**Problem requirements**. What you should give back is a precise copy of the lines below from the one containing "1 Jarro de acero" through the one containing "L'appartamento presenta 1", with no pictures.

━━━ Task input

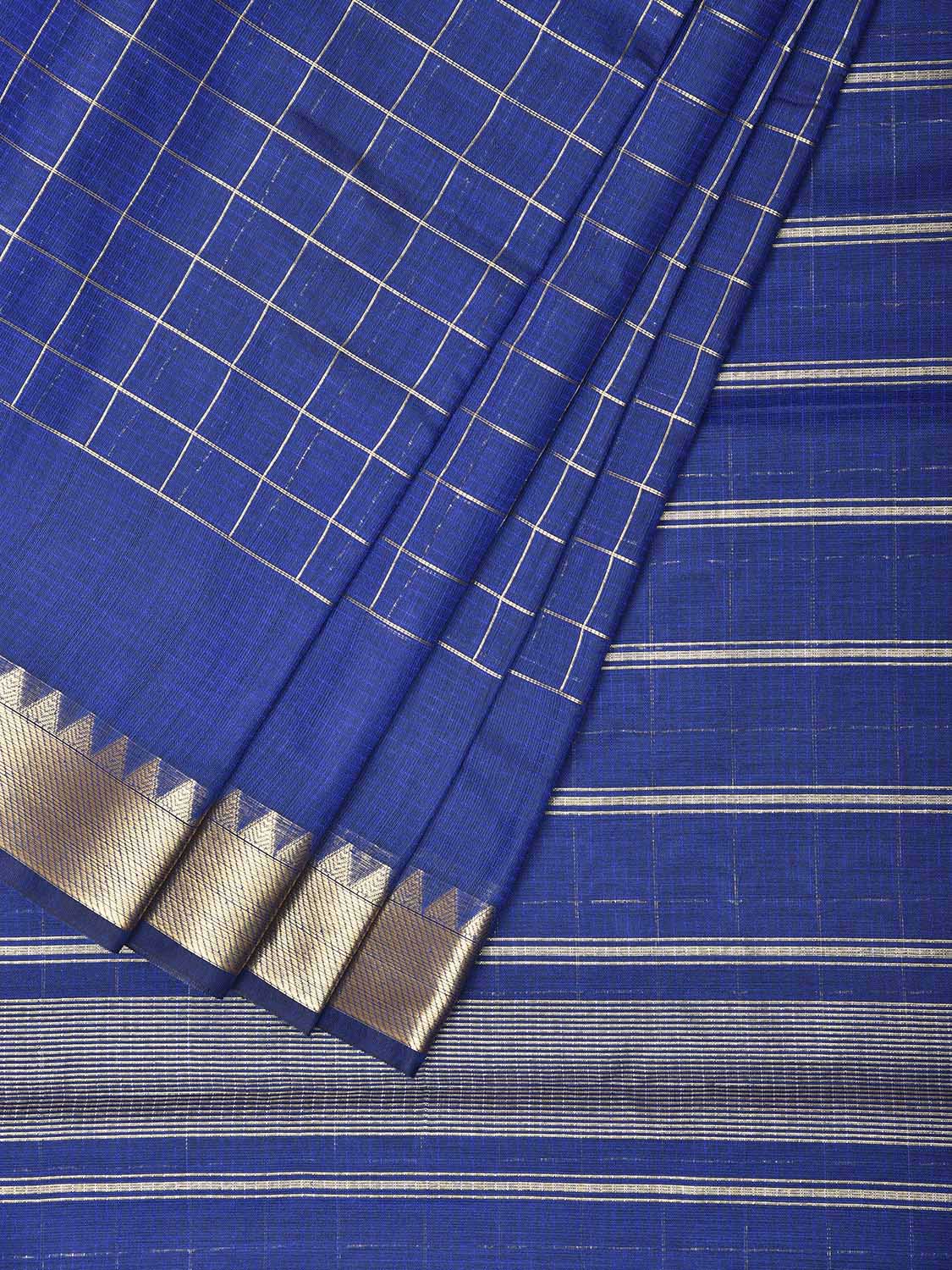 Dark Blue Mangalgiri Cotton Viscose Saree with Big Checks Design. These are Simple and Traditional Andhra Pradesh Sarees, being soft cotton they are comfortable to wear. For fabric care we advise gentle handwash it separately.
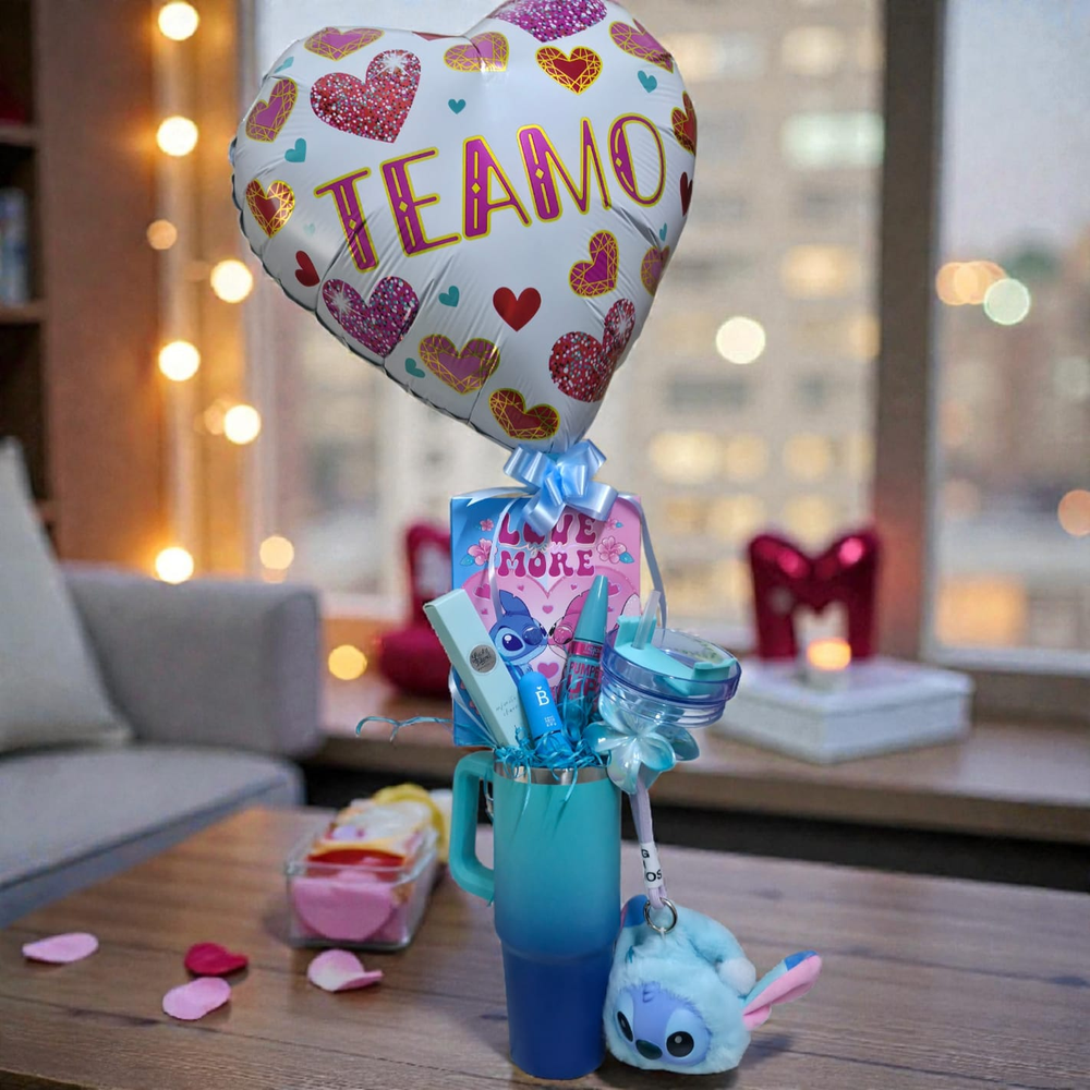 1 Jarro de acero térmico de 900ml 1 Llavero Stich Correa Portacelular 1 Broche flor para el cabello 1 Petaca doble Sonbras Stich 1 Máscara de pestañas 1 Alternativa olfativa perfume 30ml árabe para cartera 1 Labial en barra 1 Globo de 45cm corazón
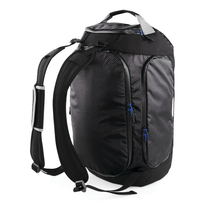 Étiquette détachable. Léger mais durable. Déperlant. Convient en bagage cabine. Détails réfléchissants. Fermeture principale zippée avec la possibilité d'utiliser un cadenas (non fourni). Compartiment principal matelassé. Poche arrière pour chaussures zippée. Poche avant zippée avec poches intérieures filet. Base renforcée. Peut être porté à la main ou sur les 2 épaules. Poignée matelassée. Convertible en sac à dos. Surface d'impression 28x9cm.
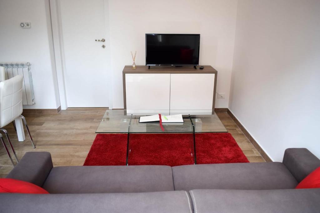 L'appartamento presenta 1 camera da letto, una TV a schermo piatto, una cucina attrezzata con lavastoviglie e forno, una lavatrice e 1 bagno con bidet.
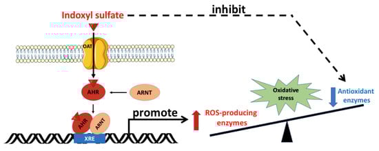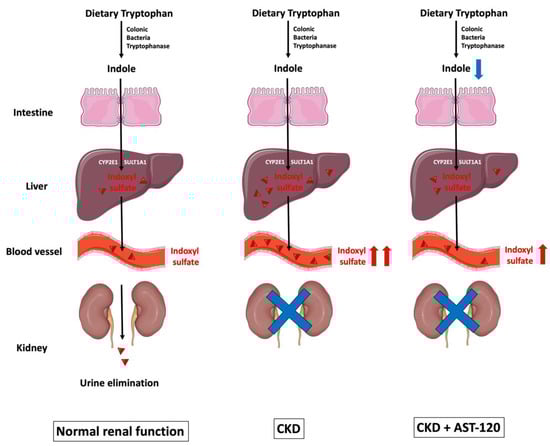 The presence of oxidative stress is a result of the imbalance between the increase in reactive oxygen/nitrogen species (ROS/RNS) and the decrease in antioxidant capacities (redox imbalance). Oxidative stress has a devastating effect on cellular carbohydrates, lipids, proteins, and nucleic acids, which hinders normal physiological functions. Oxidative stress is a well-known causative factor in developing atherosclerotic lesion formation, which contributes to cardiovascular (CV) disease [1,2]. In chronic kidney disease (CKD), such oxidative-stress-related redox imbalance is linked to the pathological complications caused by the accumulation of uremic toxins, such as CV disease, renal function decline, uremic bone disease, muscle wasting, and renal anemia [3,4,5,6,7,8]. Uremic toxins are compounds that are usually excreted by the kidneys, and accumulate in the blood during the progression of CKD. Uremic toxins can be classified by a useful and widely accepted categorization based on plasma-protein-binding characteristics and molecular weight: low (<500 daltons), middle, and high (>12,000 daltons) [9]. Low-molecular-weight, water-soluble compounds lack protein-binding capacity, and are quite easily removed by conventional hemodialysis. Low-molecular-weight, water-soluble compounds include urea, creatinine, phosphate, guanidine, and asymmetric dimethylarginine. Urea and creatinine do not exert much toxicity on physiological functions, and are commonly used as markers for assessing renal function and dialysis clearance [10]. Conversely, protein-bound uremic toxins are hard to remove via dialysis due to their protein-binding capacity, even though their molecular weight is less than 500 daltons. Most of these protein-bound uremic toxins are generated by intestinal bacteria fermentation, and include phenolic compounds originated from tyrosine and phenylalanine, as well as indolic compounds originated from tryptophan, such as indoxyl sulfate (IS) [11]. Both of these compounds might be involved in the pathogenesis of accelerated CV disease and mortality in CKD [12,13,14]. The involvement of uremic toxins in redox imbalance has recently provoked a growing interest in CKD. In fact, CKD patients typically suffer from redox imbalance associated with uremic toxins, which often worsens CKD complications progressively with the degree of renal failure. Accumulating evidence has shown that IS exhibits pro-oxidant effects on various exposed tissues in CKD [15,16]. Thus, investigating IS’s pro-oxidant role is of primary importance in CKD-associated complications. This article summarizes the mechanisms by which IS exerts pro-oxidant influence in CKD patients, and how AST-120, an oral charcoal adsorbent, facilitates IS accumulation and ameliorates IS-mediated organ damage in CKD.
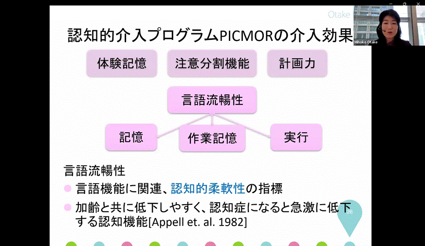 大武氏:言語流暢性に関して言うと、介入することで認知機能が上がっています。ただ、その他についてはそう簡単には上がりません。評価方法も、もっと長い時間介入して、何もしない人は下がるけれども、やっている人は下がり方が緩やかであるといった方法で、違いを示す必要があります。そうすることで、今、注目している3つの機能の違いも出る可能性が今後あると考えています。
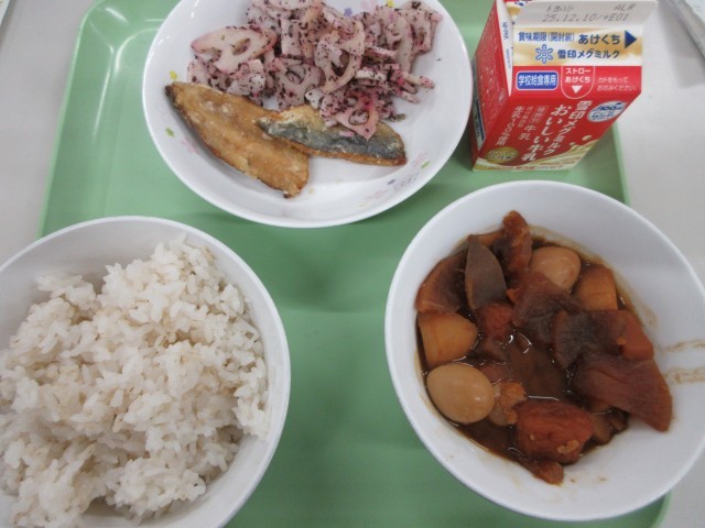 今日の給食は、麦ごはん、牛乳、みそおでん、あじの竜田揚げ、れんこんのゆかり和えです。みそおでんは愛知県の郷土料理です。豆味噌文化が根付いている愛知県ならではの料理ですね。
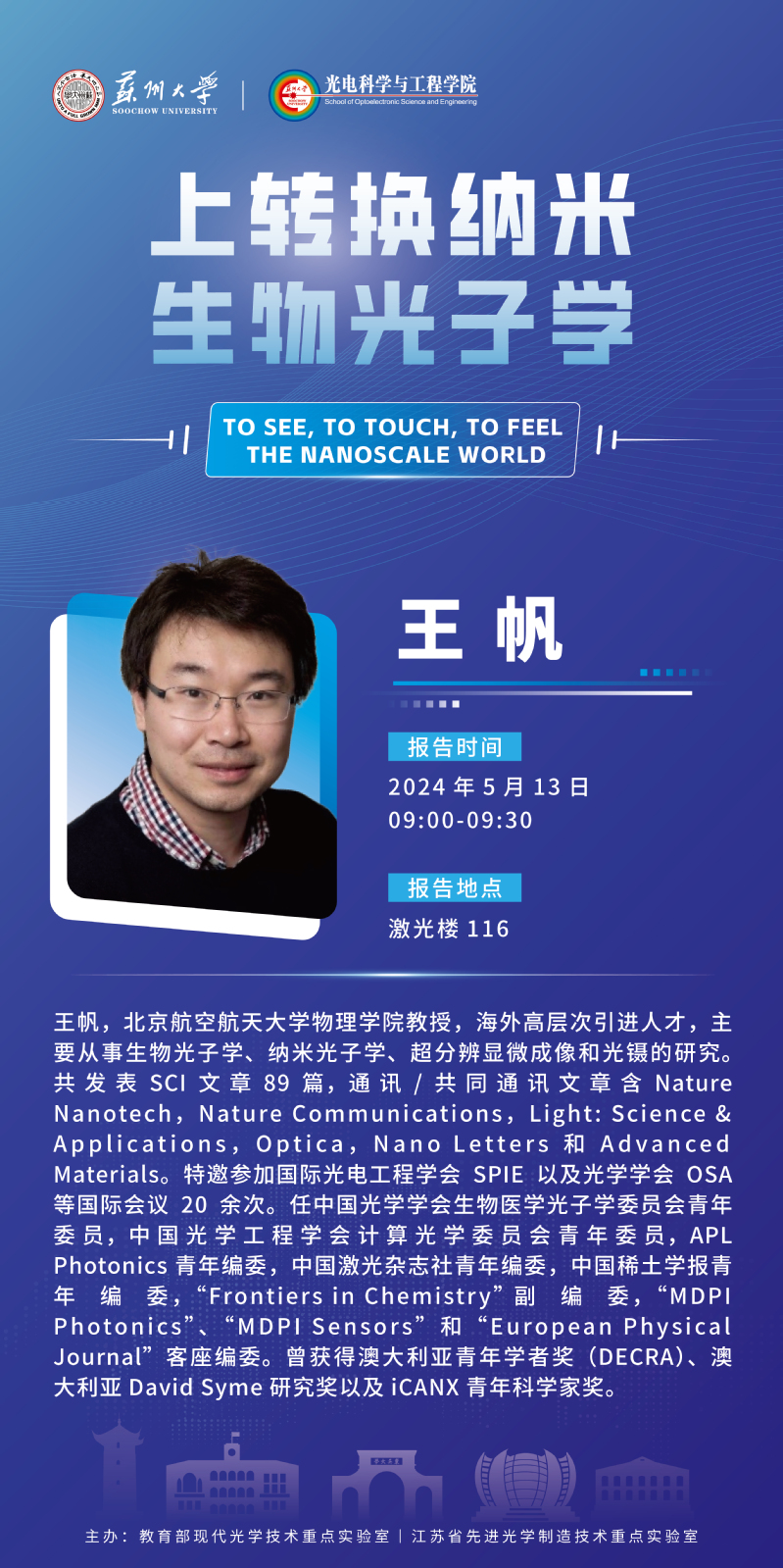 学术报告:上转换纳米生物光子学 -to see, to touch, to feel the nanoscale world
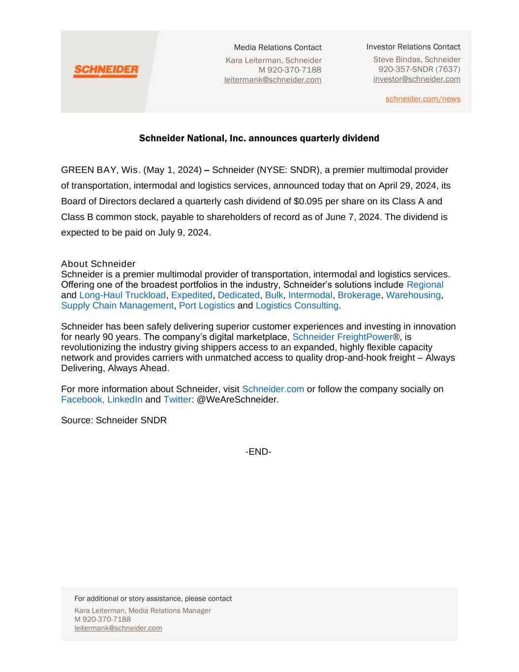 Media Relations Contact Kara Leiterman, Schneider M 920-370-7188 leitermank@schneider.com For additional or story assistance, please contact Kara Leiterman, Media Relations Manager M 920-370-7188 leitermank@schneider.com Investor Relations Contact Steve Bindas, Schneider 920-357-SNDR (7637) investor@schneider.com schneider.com/news Schneider National, Inc. announces quarterly dividend GREEN BAY, Wis. (May 1, 2024) – Schneider (NYSE: SNDR), a premier multimodal provider of transportation, intermodal and logistics services, announced today that on April 29, 2024, its Board of Directors declared a quarterly cash dividend of $0.095 per share on its Class A and Class B common stock, payable to shareholders of record as of June 7, 2024. The dividend is expected to be paid on July 9, 2024. About Schneider Schneider is a premier multimodal provider of transportation, intermodal and logistics services. Offering one of the broadest portfolios in the industry, Schneider’s solutions include Regional and Long-Haul Truckload, Expedited, Dedicated, Bulk, Intermodal, Brokerage, Warehousing, Supply Chain Management, Port Logistics and Logistics Consulting. Schneider has been safely delivering superior customer experiences and investing in innovation for nearly 90 years. The company’s digital marketplace, Schneider FreightPower®, is revolutionizing the industry giving shippers access to an expanded, highly flexible capacity network and provides carriers with unmatched access to quality drop-and-hook freight – Always Delivering, Always Ahead. For more information about Schneider, visit Schneider.com or follow the company socially on Facebook, LinkedIn and Twitter: @WeAreSchneider. Source: Schneider SNDR -END-
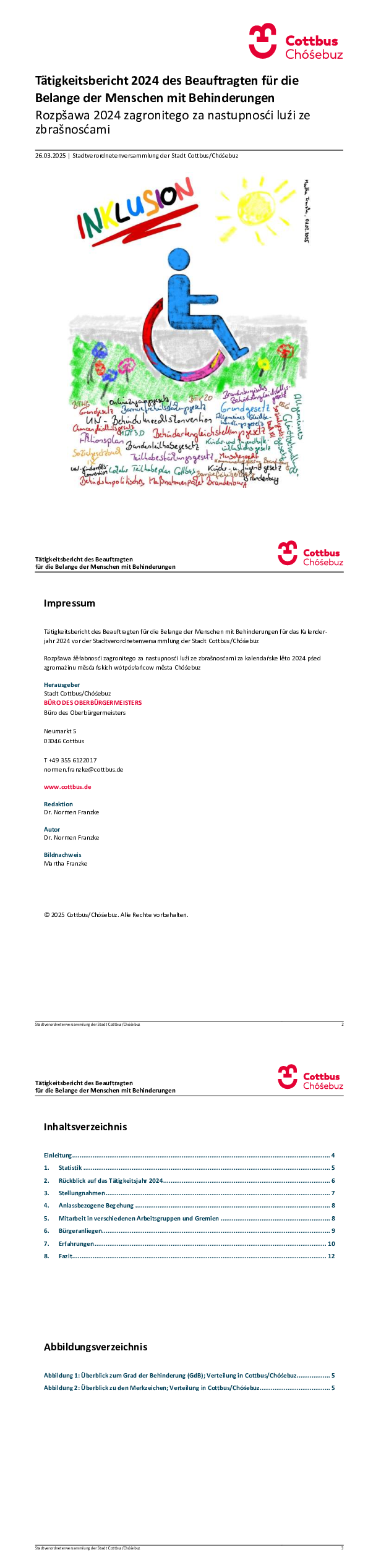 Der Beauftragte für die Belange von Menschen mit Behinderungen wird durch die Stadtverordnetenversammlung Cottbus/Chóśebuz berufen.

━━━━━━

**Reply to the task**.
 1 Jarro de acero térmico de 900ml 1 Llavero Stich Correa Portacelular 1 Broche flor para el cabello 1 Petaca doble Sonbras Stich 1 Máscara de pestañas 1 Alternativa olfativa perfume 30ml árabe para cartera 1 Labial en barra 1 Globo de 45cm corazón
 Étiquette détachable. Léger mais durable. Déperlant. Convient en bagage cabine. Détails réfléchissants. Fermeture principale zippée avec la possibilité d'utiliser un cadenas (non fourni). Compartiment principal matelassé. Poche arrière pour chaussures zippée. Poche avant zippée avec poches intérieures filet. Base renforcée. Peut être porté à la main ou sur les 2 épaules. Poignée matelassée. Convertible en sac à dos. Surface d'impression 28x9cm.
 L'appartamento presenta 1 camera da letto, una TV a schermo piatto, una cucina attrezzata con lavastoviglie e forno, una lavatrice e 1 bagno con bidet.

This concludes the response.